Various studies have been published which assess the differences in outcome of these different data pre-processing methods [9
]. To validate and test pre-processing methods, two publicly available datasets are commonly used. The Latin square dataset provided by Affymetrix [15
] contains spiked-in cRNA's at several concentrations facilitating the assessment of the relation between mRNA concentration and expression value. The GeneLogic dilution series (obtainable on request, [16
]) gives an estimate of the relation between actual and measured differential expression. Based on these datasets, an online benchmark tool has been developed to encourage authors to test their method [17
]. This tool assesses quality of pre-processing using several parameters in five different groups: (1) variability of expression across replicate arrays, (2) response of expression measure to changes in abundance of RNA, (3) sensitivity of fold-change measures to the amount of actual RNA sample, (4) accuracy of fold-change as a measure of relative expression and (5) usefulness of raw fold-change score for the detection of differential expression. Pronounced differences between different procedures have been shown to occur [4
The studies on the Latin square and dilution data were performed using data generated specifically for this purpose, allowing comparisons of specific analyses, showing accurately which methods perform best. In effect, statistical properties of the various estimators are tested. Several authors noted that the use of two special-purpose datasets for calibration of statistical procedures creates a risk on overfitting of the available data and therefore focused on using experimental data to compare methods with respect to the sets of differentially expressed genes found [9
]. This sometimes lead to contradictory results, where for instance a study using the Latin square dataset showed the MAS5.0 method to outperform the dChip method on detecting differentially expressed genes [13
], while a study on experimental data showed the opposite [9
]. Therefore, more work is needed to reliably establish how important the effect of choice of pre-processing method is in every-day practice, especially when analyses such as clustering and classification are applied.
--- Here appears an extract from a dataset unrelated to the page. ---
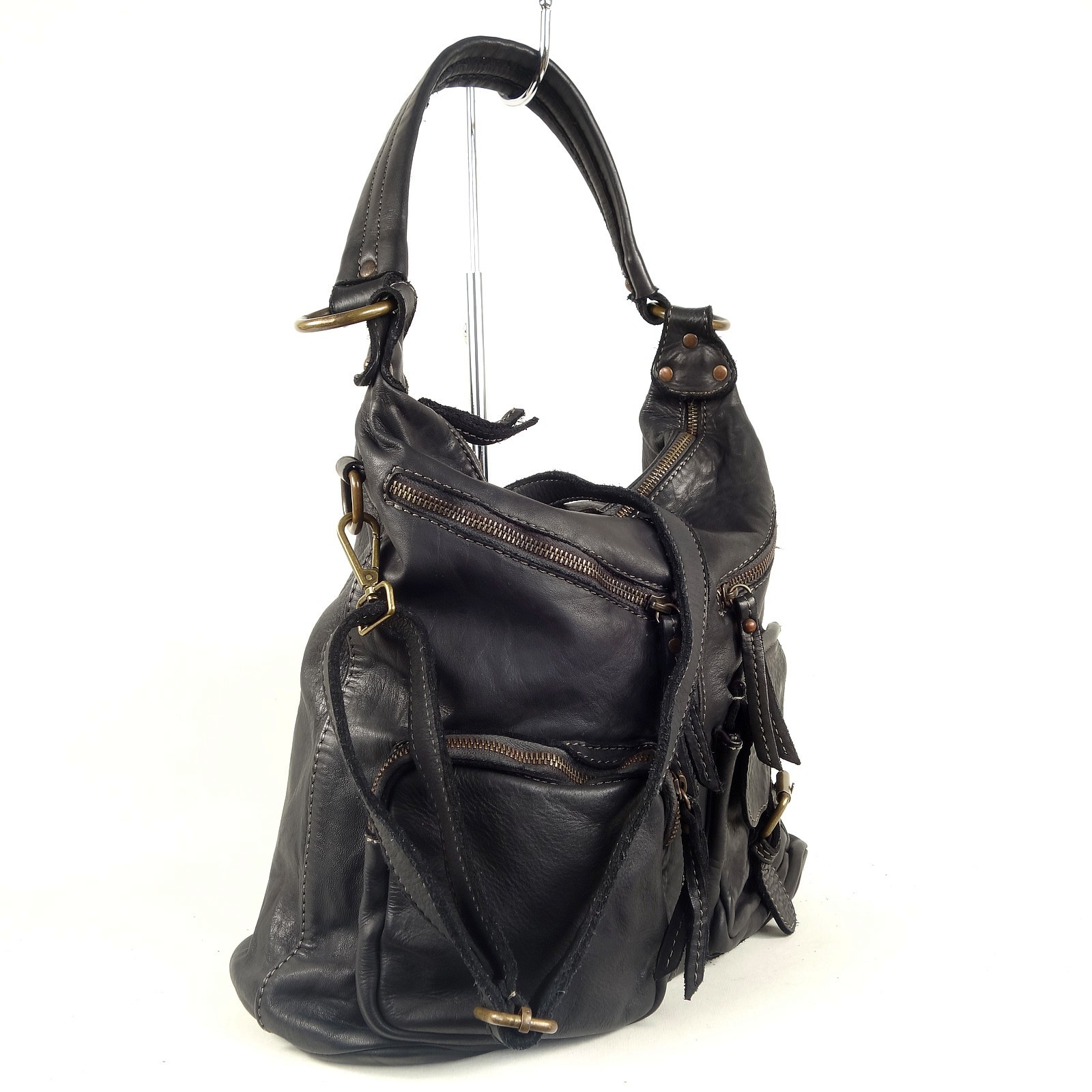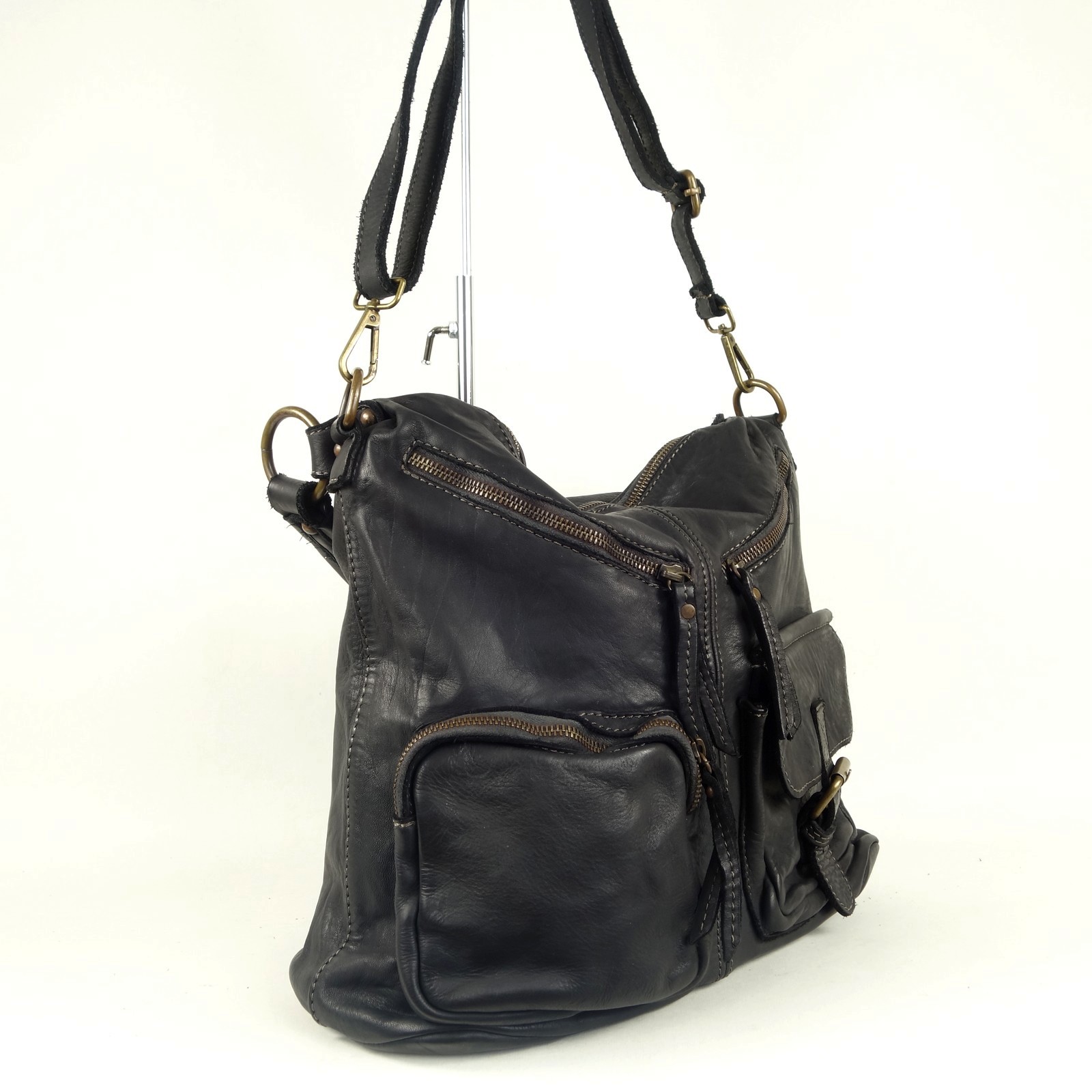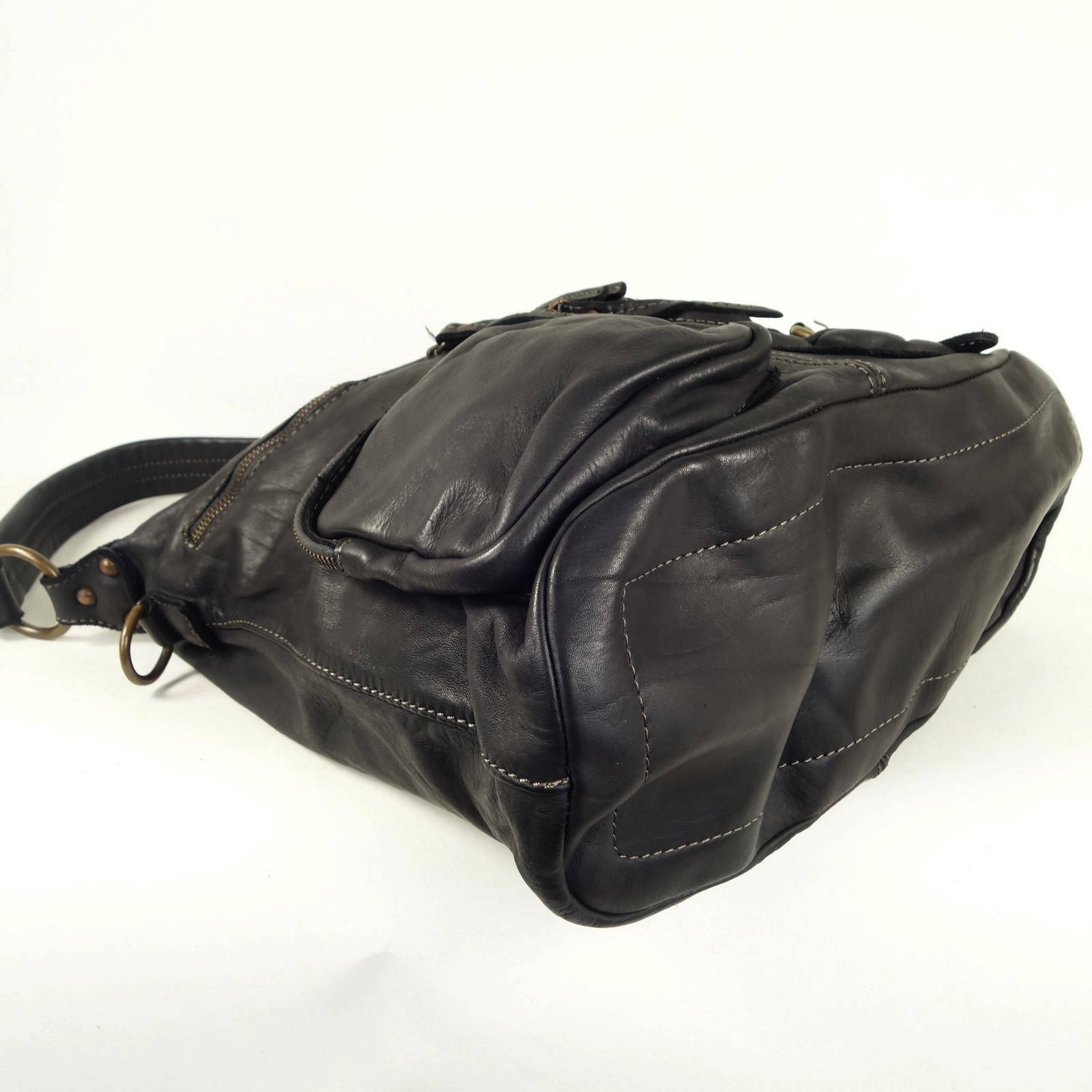 Ce modèle est en cuir souple noir finition vintage donc à effet patiné et texturé.

In this paper, we focus on one practical application of microarrays: patient-cohort studies [18
]. In such studies, researchers typically select sets of genes that are differentially expressed between certain known conditions, a supervised analysis. Moreover, unsupervised techniques (not imposing any prior knowledge on the data) such as clustering are applied to detect biological relations between samples or genes by grouping them according to their expression profiles. Often the goal is to obtain a predictor (classifier) for, for instance, prognostically relevant categories, using supervised analysis.
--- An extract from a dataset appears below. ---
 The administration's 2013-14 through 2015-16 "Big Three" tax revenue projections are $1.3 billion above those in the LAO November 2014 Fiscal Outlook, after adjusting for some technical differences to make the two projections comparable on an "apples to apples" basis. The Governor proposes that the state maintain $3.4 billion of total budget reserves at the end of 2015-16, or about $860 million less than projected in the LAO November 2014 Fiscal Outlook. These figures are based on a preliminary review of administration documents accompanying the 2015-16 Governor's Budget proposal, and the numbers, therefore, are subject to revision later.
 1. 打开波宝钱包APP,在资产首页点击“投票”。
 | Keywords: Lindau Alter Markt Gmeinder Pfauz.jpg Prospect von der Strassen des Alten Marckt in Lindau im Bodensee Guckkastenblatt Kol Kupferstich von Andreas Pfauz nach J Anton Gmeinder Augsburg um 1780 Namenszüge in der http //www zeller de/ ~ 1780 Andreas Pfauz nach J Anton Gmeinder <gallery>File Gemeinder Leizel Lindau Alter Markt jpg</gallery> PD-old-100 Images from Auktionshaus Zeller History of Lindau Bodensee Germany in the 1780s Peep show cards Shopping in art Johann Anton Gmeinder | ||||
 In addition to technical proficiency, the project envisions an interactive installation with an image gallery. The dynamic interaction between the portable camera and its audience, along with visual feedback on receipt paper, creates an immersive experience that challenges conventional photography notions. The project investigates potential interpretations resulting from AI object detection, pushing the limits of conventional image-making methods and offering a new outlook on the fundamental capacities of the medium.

Given that different pre-processing procedures will influence the outcome of these analyses, several questions can be asked, such as: How well is expression measured using a number of different pre-processing methods? What is their effect on the detection of differentially expressed genes, clusters found and classification results? By focusing on practical applications of microarray studies, we hope to give insight into the relevance of different pre-processing procedures to biology-oriented researchers.